WHAT YOU HAVE TO DO. Reproduce the entire listing exactly as written, apart from its pictures.

THE DATA.
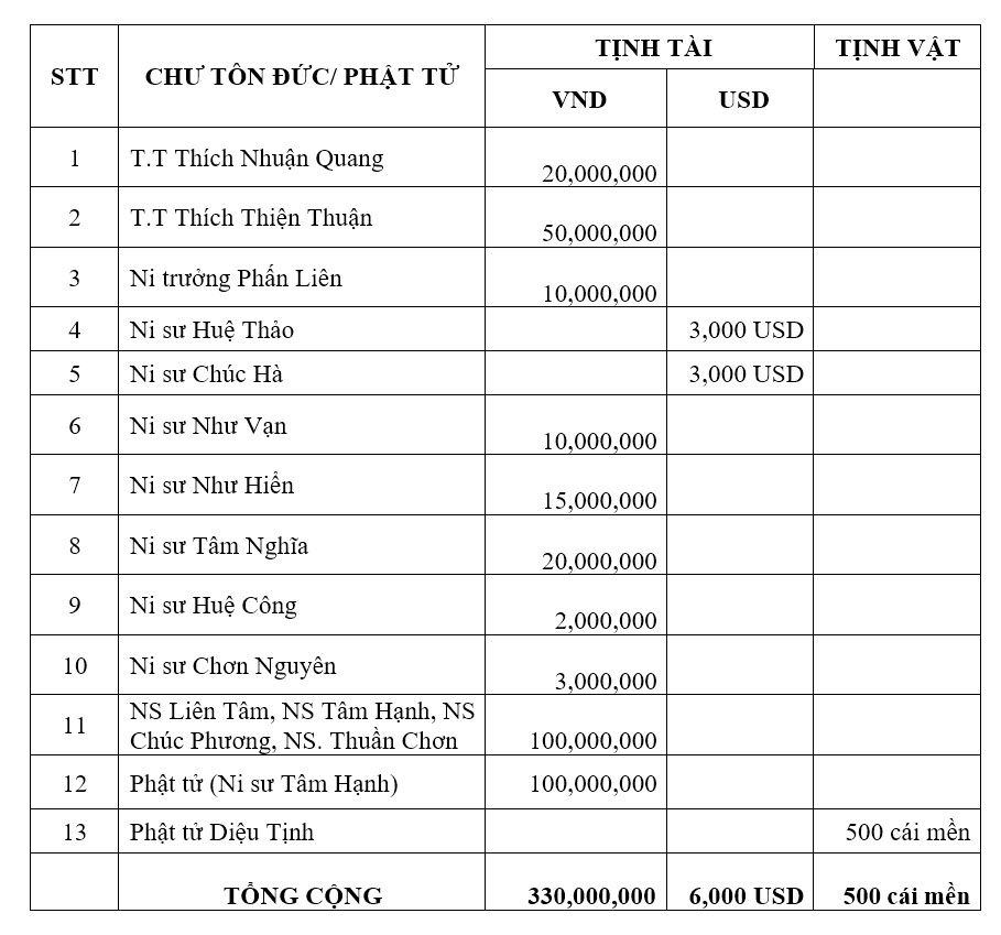 Hành trình 3 ngày tại miền Trung đã thành công viên mãn, với tổng giá trị hàng hóa và tiền mặt lên đến 520 triệu đồng. Đây là kết tinh của lòng từ bi được vun đắp bởi vô số công đức của chư Tôn đức và quý Phật tử.
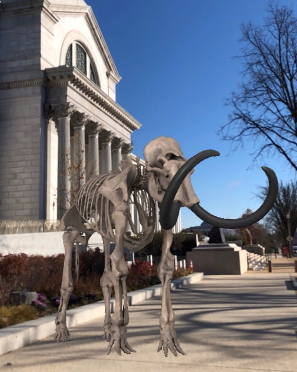 The handful of items includes a green hat by milliner Vanilla Beane from the National Museum of African American History & Culture and a skeletal mammoth courtesy of the National Museum of Natural History. Using AR, viewers get an intimate look at objects like the elaborate “Cosmic Buddha” of the National Museum of Asian Art’s collection, which features detailed Buddhist scenes you might not catch in person. Platform boots from The Wiz actually dance in front of you.
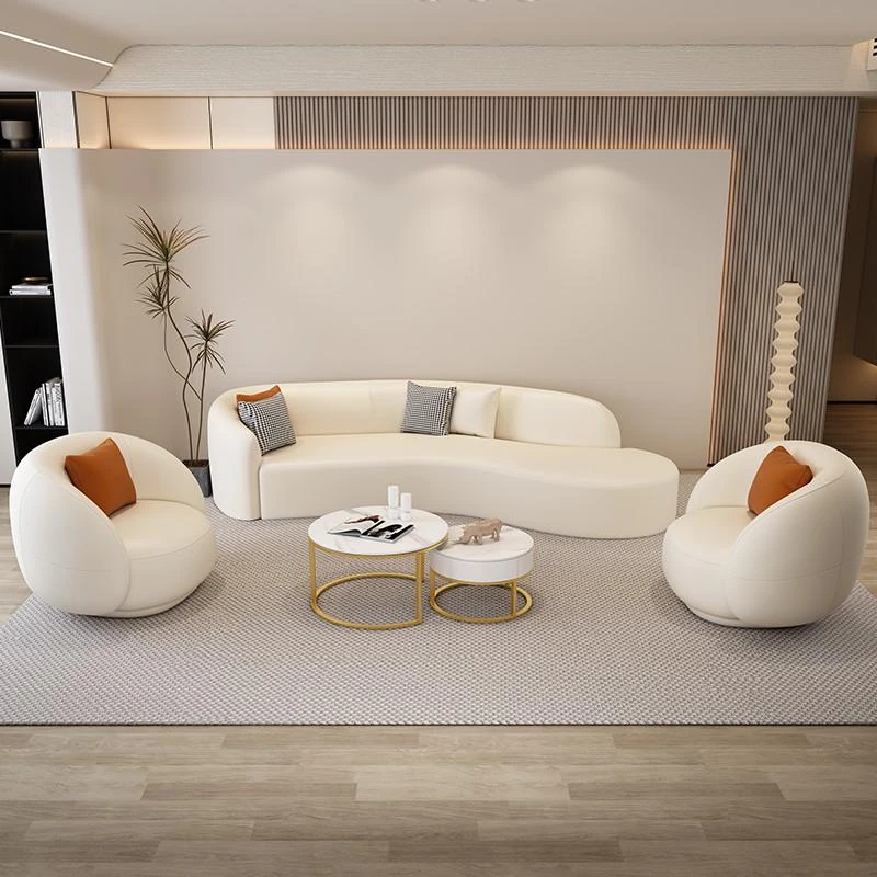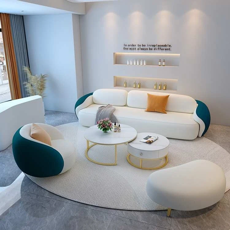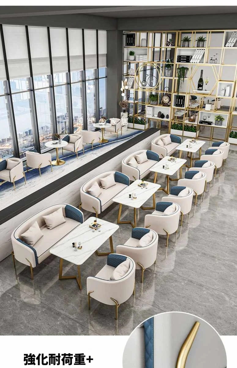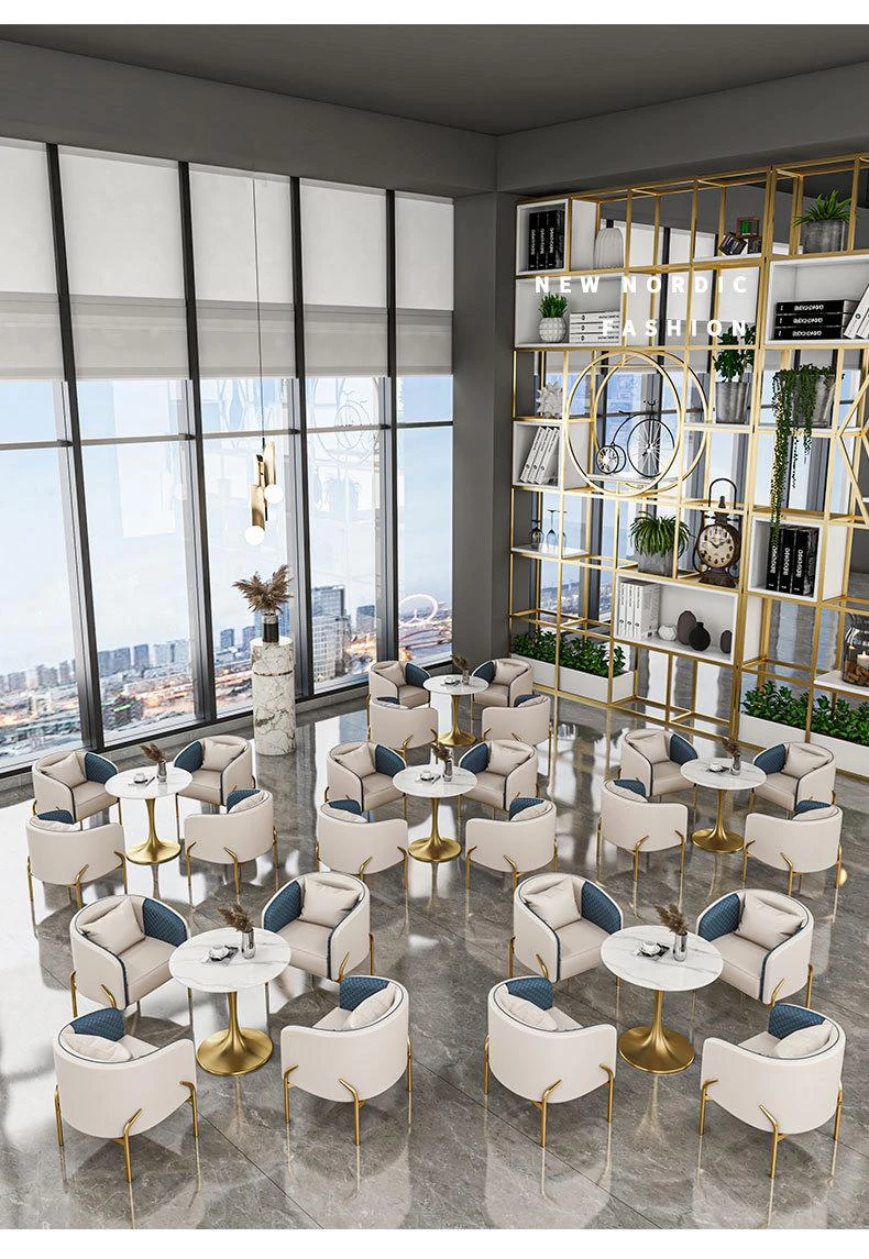 北欧スタイルのカジュアルソファチェア - 展示会やカフェ、販売所にぴったり!高級感のあるデザインで、影響力のある接客空間を演出します。おしゃれなデザインと快適さを兼ね備えた、理想的なテーブル&チェアセット。

TASK ANSWER.
 Hành trình 3 ngày tại miền Trung đã thành công viên mãn, với tổng giá trị hàng hóa và tiền mặt lên đến 520 triệu đồng. Đây là kết tinh của lòng từ bi được vun đắp bởi vô số công đức của chư Tôn đức và quý Phật tử.
 The handful of items includes a green hat by milliner Vanilla Beane from the National Museum of African American History & Culture and a skeletal mammoth courtesy of the National Museum of Natural History. Using AR, viewers get an intimate look at objects like the elaborate “Cosmic Buddha” of the National Museum of Asian Art’s collection, which features detailed Buddhist scenes you might not catch in person. Platform boots from The Wiz actually dance in front of you.
 北欧スタイルのカジュアルソファチェア - 展示会やカフェ、販売所にぴったり!高級感のあるデザインで、影響力のある接客空間を演出します。おしゃれなデザインと快適さを兼ね備えた、理想的なテーブル&チェアセット。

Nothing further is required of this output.